This repository contains usefull python tools to deal with de novo genome assemblies using MUMmer4 and blast+.
Tools.py
- Contains the main functions and classes used by the other script.
extractFragment.py
- Extract a fragment of a fasta file (either a whole sequence, or a fragment of a sequence (1-based positions))
maskTelomeres.py
- Mask X kb at the start and end of each sequence of a fasta file.
reorderContigs.py
- Reorder contigs based on a reference genome. Usefull to have a clean diagonal when plotting against the reference.
renameContigs.py
- Rename contigs based on a reference genome.
filterContigSize.py
- Filter out contigs smaller than a specified threshold.
getNuclearContigs.py
- Retrieve contigs corresponding the nuclear genome, based on sequence similarity with a reference genome or a BLAST database containing nuclear chromosomes (several strain avoid reference bias).
removeRedundantContigs.py
- Remove contigs that are entirely covered by other contigs of the same assembly.
NbContigsToXCoverage.py
- Give the number of contig required to cover X% of a reference genome.

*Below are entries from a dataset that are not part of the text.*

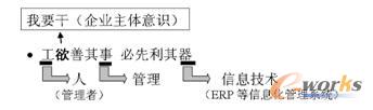這里“工”就是管理者,“欲”就是管理者有把管理搞上去、提高企業競爭力的強烈欲望,簡言之,“工欲”就是“我要干”,也就是我們常說的“企業主體意識”。如果企業的決策者和管理者沒有改進管理的欲望,再好的ERP產品也不可能發揮作用。因此,千萬不能忽視“工”字,也就是“人的因素”,和“欲”字,也就是上ERP的動因。
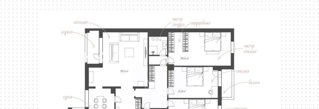 Спланирована просторная гостиная, кухня с обеденной зоной, мастер-спальня с гардеробной и санузлом, две спальни, две ванные комнаты, функциональные коридоры, две лоджии. Квартира полностью меблирована и оборудована бытовой техникой. Окна ориентированы на две стороны, открываются виды на улицу и в тихий двор.
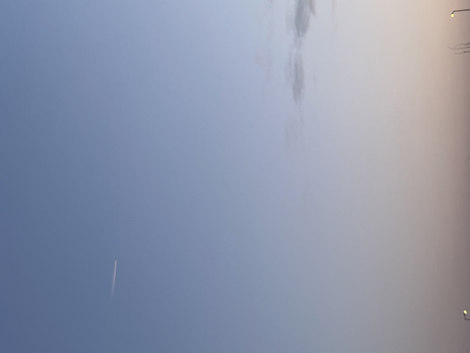 An outdoor image captures a broad expanse of sky over Roodt-sur-Syre, Luxembourg, during what appears to be twilight. The sky exhibits a gradient, transitioning from light blue at the top to a pale pinkish-orange towards the horizon. A single, thin, white linear contrail is visible in the upper left quadrant of the frame, indicative of an aircraft's passage. In the lower right quadrant, a small cluster of diffuse, light grey clouds is present. The extreme bottom edge of the image reveals a dark, indistinct silhouette of the horizon, potentially showing parts of the landscape or distant structures, including a partial view of a lit street lamp on the far left. No individuals, explicit actions, or direct interactions are discernible within the frame.
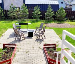 -организована зона барбекю с мангалом, чашей для костра, креслами для отдыха.
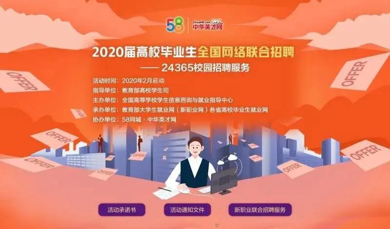 为贯彻落实习近平总书记在统筹推进新冠肺炎疫情防控和经济社会发展工作部署会议上的重要讲话及系列指示批示精神,认真落实国务院常务会关于鼓励吸纳高校毕业生就业的工作部署,2月28日,教育部启动“2020届高校毕业生全国网络联合招聘——24365校园招聘服务”活动,为高校毕业生提供每天24小时全年365天的网上校园招聘服务,毕业生可登陆活动平台(www.ncss.cn)及各有关网站专栏参加求职招聘。

checkChromosomePresence.py
- Take a reference genome and indicate how many reference chromosomes are covered at X % (80% default) by the draft assembly. A detailled output (-i) gives the coverage of each chromosome of the reference.
findDoubleCentromeres.py
- Take the centromere sequence and indicate how many contigs contain more than 1 centromere.
findMergedChromosomes.py
- Give the number of contigs covering several reference chromosomes. Can be inacurate because of large translocation. Better use findDoubleCentromere.py to identify merged chromosomes.